That night at home, you get an email from the department store. “Still thinking about those shoes?” it asks. “Buy them now!” And below is a form with your name, address and credit card information already filled out.

Proximity marketing — location-based direct marketing in which a business or other organization sends offers, promotions, alerts or other messages to a person's smartphone based on the device’s location — is annoying, creepy and downright invasive in this story. But it doesn’t have to be. When implemented ethically, proximity marketing can provide worthwhile benefits to marketers and consumers alike.

The pros for marketers are numerous. Most proximity marketing is delivered via beacons placed strategically throughout a store that use Bluetooth to communicate with smartphones in their range that have opted into the service. This allows retailers to reach potential customers in the moment, when they’re actually looking at products and considering a purchase. This beats traditional advertising, which connects to consumers before they’re in a store — while they’re sitting on the couch at home watching television, for instance — and relies on them to remember the message later.

Location-based marketing also gives retailers the opportunity to enrich the in-store shopping experience. Doing so is critical as consumers turn away from brick-and-mortar stores in favor of more convenient e-commerce. By using proximity marketing technology, stores can catch up by providing some of the perks of online shopping in person, like easy access to discounts, saved shopping lists and personalized recommendations. Beacons can also help shoppers navigate a big store or connect them to in-store customer service representatives when they need help.

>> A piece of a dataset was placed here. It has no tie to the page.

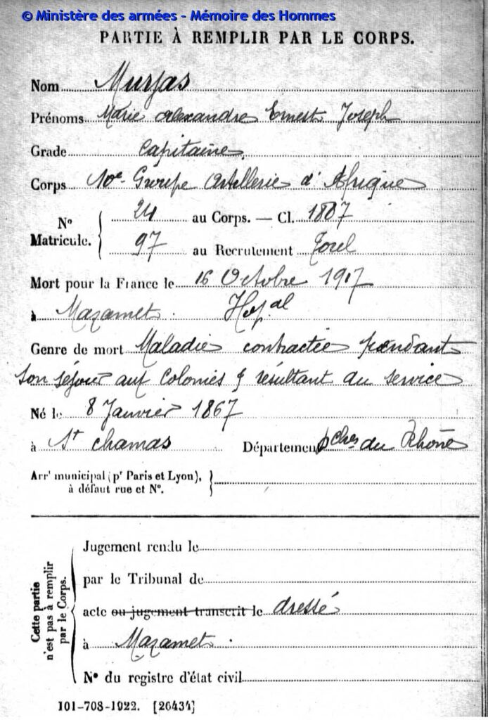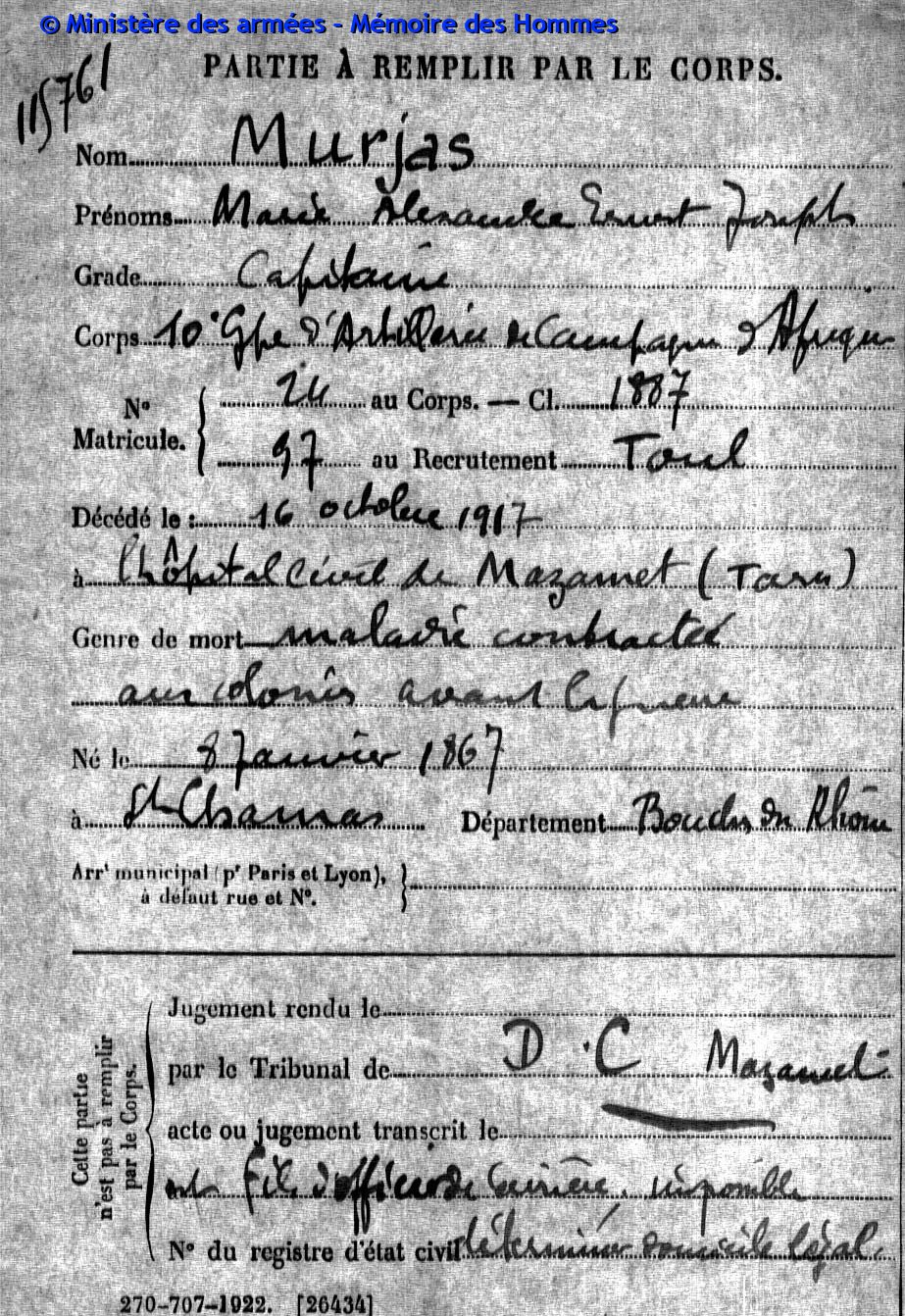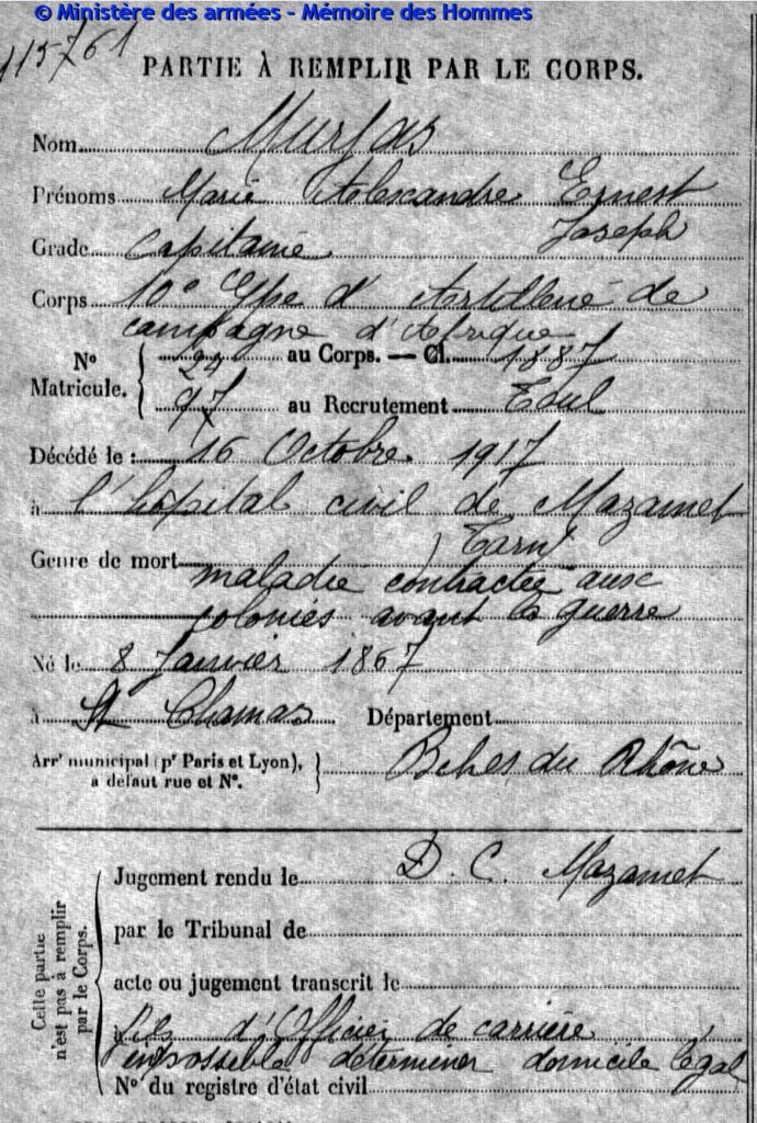 Capitaine au 56e bataillon de tirailleurs sénégalais, matricule n°1206 au recrutement de Toulon, classe 1892.

Lastly, proximity marketing tools allow companies to gather behavioral data about their customers, including how often they visit a store and when, how long they stay and what areas of the store they gravitate toward. While beacon communication can come in the form of a basic text message, it’s often connected to an app, which may gather even richer data, such as a customer’s product preferences, demographic information and purchase history, particularly if the app is hooked up to mobile pay.

Retailers are aware of the benefits of investing in proximity marketing technology. This summer, for example, Target merged its “Cartwheel” coupon app — used by 27 million shoppers, saving them more than $1 billion — with the main Target app and incorporated new features. Primarily, customers now have access to a map that shows their location within a Target store and highlights nearby Cartwheel deals. The experience is made possible by beacon-enabled LED lights installed throughout the store. Macy’s, Nordstrom, Wal-Mart and Walgreens are among the other retailers that have taken advantage of proximity marketing in the last several years. Sports and concert arenas; airports; trade shows and conferences; and museums are also using the technology to improve the customer experience — and to boost sales.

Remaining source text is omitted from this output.